- Born: 1 August 1925 Chandpur, Bengal Presidency, British India
- Died: 28 August 1983 (aged 58) Dhaka, Bangladesh
- Occupation: Politician
- Children: Dipu Moni

= MA Wadud =

Bangladeshi language activist and politician

Mohammad Abdul Wadud (1 August 1925 – 28 August 1983), known as MA Wadud, was a Bangladeshi language activist and politician. He was one of the founding members of Awami Muslim League (later Bangladesh Awami League). He was awarded Ekushey Padak in 2013 posthumously by the government of Bangladesh for his involvement in Bengali language movement in 1952. He is the father of former minister Dipu Moni.

==Early life==
Mohammad Abdul Wadud was born on 1 August 1925 to a Bengali Muslim family in the village of Rarhir Char in Chandpur, Tipperah district, Bengal Presidency (now Bangladesh).

==Political career==
Wadud was the founder member of the Gonotrantik Jubo League in 1948, East Pakistan Muslim League in 1948, East Pakistan Awami Muslim League in 1949, Weekly Ittefaq in 1949, The Daily Ittefaq in 1953 and Kendrio Kachi Kachar Mela in 1956.

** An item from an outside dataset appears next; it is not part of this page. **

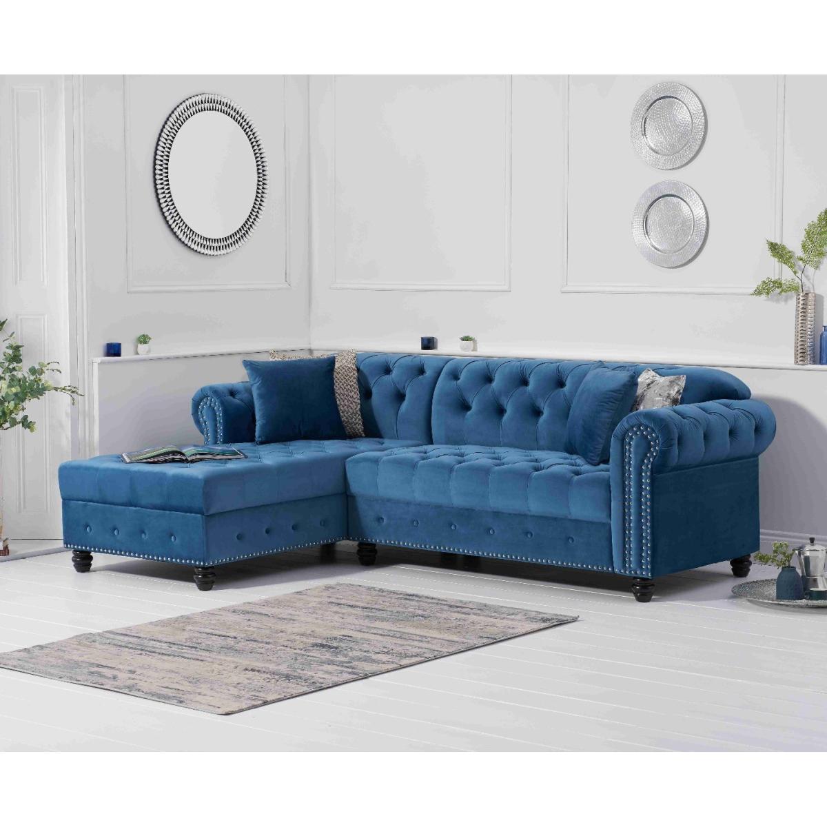 Blake Left Facing Blue Velvet 3 Seater Chaise Corner Sofa
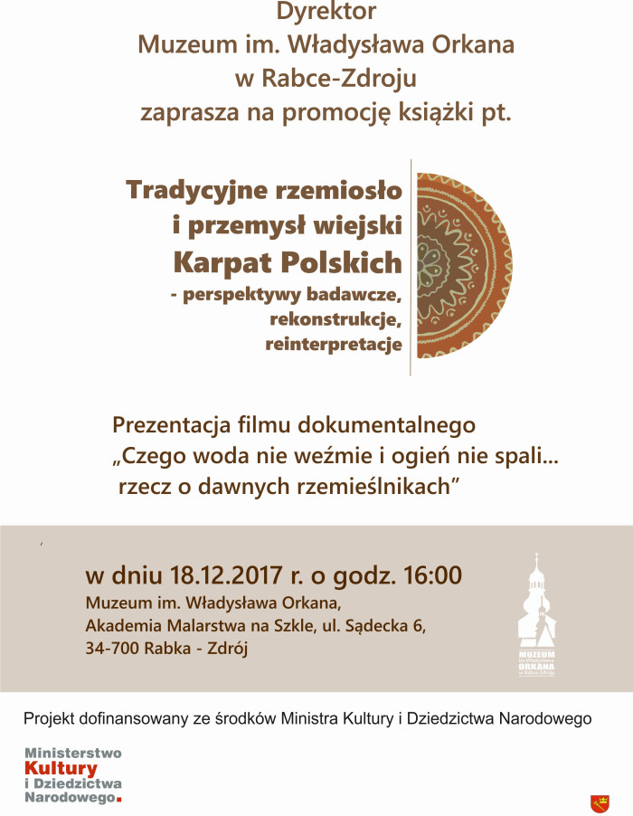 W trakcie promocji odbędzie się również prezentacja filmu dokumentalnego pt: "Czego woda nie weźmie i ogień nie spali ...- rzecz o dawnych rzemieślnikach" zrealizowanego przez nasze Muzeum.

Wadud was imprisoned for involvement in the language movement in 1948 and 1952 and again for refusing the charge of the ministry of military government in 1978.

Wadud was the general secretary of the student political organization East Pakistan Chhatra League from 1953 to 1954.

==Personal life==
Mohammad Abdul Wadud was married to Hamida Wadud Poly, a daughter of Khadijah Hossain Lily who was a sister of former President Sheikh Mujibur Rahman. Wadud's daughter Dipu Moni is a doctor, a politician and a former minister of the government of Bangladesh. His son Jawadur Rahim Wadud Tipu is a diabetic foot surgeon.